To configure the coverage threshold, go to the .coveragerc file.

Project dependencies

To generate or update the dependency requirements for your project:

kedro build-reqs

This will pip-compile the contents of src/requirements.txt into a new file src/requirements.lock. You can see the output of the resolution by opening src/requirements.lock.

After this, if you'd like to update your project requirements, please update src/requirements.txt and re-run kedro build-reqs.

How to work with Kedro and notebooks

Note: Using kedro jupyter or kedro ipython to run your notebook provides these variables in scope: catalog, context, pipelines and session.

Jupyter, JupyterLab, and IPython are already included in the project requirements by default, so once you have run pip install -r src/requirements.txt you will not need to take any extra steps before you use them.

Jupyter

To use Jupyter notebooks in your Kedro project, you need to install Jupyter:

pip install jupyter

After installing Jupyter, you can start a local notebook server:

kedro jupyter notebook

JupyterLab

To use JupyterLab, you need to install it:

pip install jupyterlab

You can also start JupyterLab:

kedro jupyter lab

IPython

And if you want to run an IPython session:

kedro ipython

How to convert notebook cells to nodes in a Kedro project

You can move notebook code over into a Kedro project structure using a mixture of cell tagging and Kedro CLI commands.

By adding the node tag to a cell and running the command below, the cell's source code will be copied over to a Python file within src/<package_name>/nodes/:

kedro jupyter convert <filepath_to_my_notebook>

Note: The name of the Python file matches the name of the original notebook.

Alternatively, you may want to transform all your notebooks in one go.
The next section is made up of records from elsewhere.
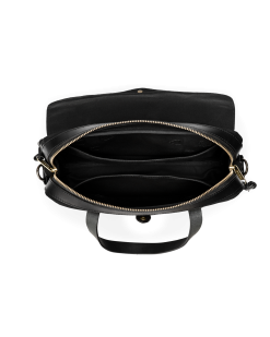 Made with our iconic Rugged Twill and Bridle Leather. the Filson Original Briefcase is built to survive any workplace. whether on land. at sea. or in the air. The lightly waxed fabric sheds water and withstands abrasion. year after year. The handles and detachable. adjustable shoulder strap are built with the same Bridle Leather that’s used for making horse tack. The roomy interior has organizational dividers and space for a 15 laptop and secures with a YKK solid brass zipper protected by a storm flap. A testament to our signature fabric’s durability. one customer recorded over one million miles of travel with his Original Briefcase.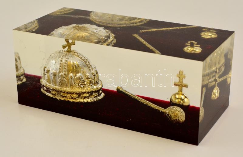 Beschreibung: A Szent Koronát, az országalmát és a jogart ábrázoló dekoratív műanyag asztali levélnehezék, 16×7,5×6,5 cm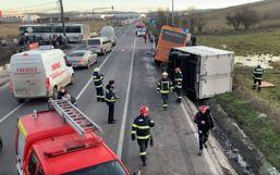 Vineri, 14 noiembrie a.c., pompierii din cadrul Detașamentului Botoșani au fost solicitați să intervină la un accident rutier produs pe DN 24, pe ruta Botoșani – Săveni, unde un camion încărcat cu aproximativ 25 de tone de semințe de floarea-soarelui s-a răsturnat în afara părții carosabile.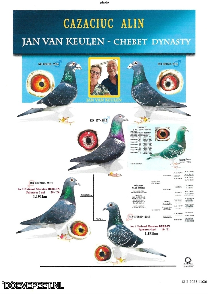 DMP Bon 38      Jan van Keulen – Asten 1/2   - Jonge duifPrijzen nationaal gevlogen in de loop der jaren top 1002e Nationaal Barcelona duivinnen3e Nationaal Barcelona4e Nationaal Perpignan5e Nationaal Barcelona8e Nationaal st Vincent23e Nationaal Perpignan41e Nationaal Perpignan44eNationaal Marseille61e Nationaal Marseille77e Nationaal Barcelona82e Nationaal Perpignan100 Nationaal BarcelonaRutz en Shonne winnen Nat en internationaal Pau 2006 met een Kleinzoon uit de halfbroer Mis Hay...

Run the following command to convert all notebook files found in the project root directory and under any of its sub-folders:

kedro jupyter convert --all

How to ignore notebook output cells in git

To automatically strip out all output cell contents before committing to git, you can run kedro activate-nbstripout. This will add a hook in .git/config which will run nbstripout before anything is committed to git.

Note: Your output cells will be retained locally.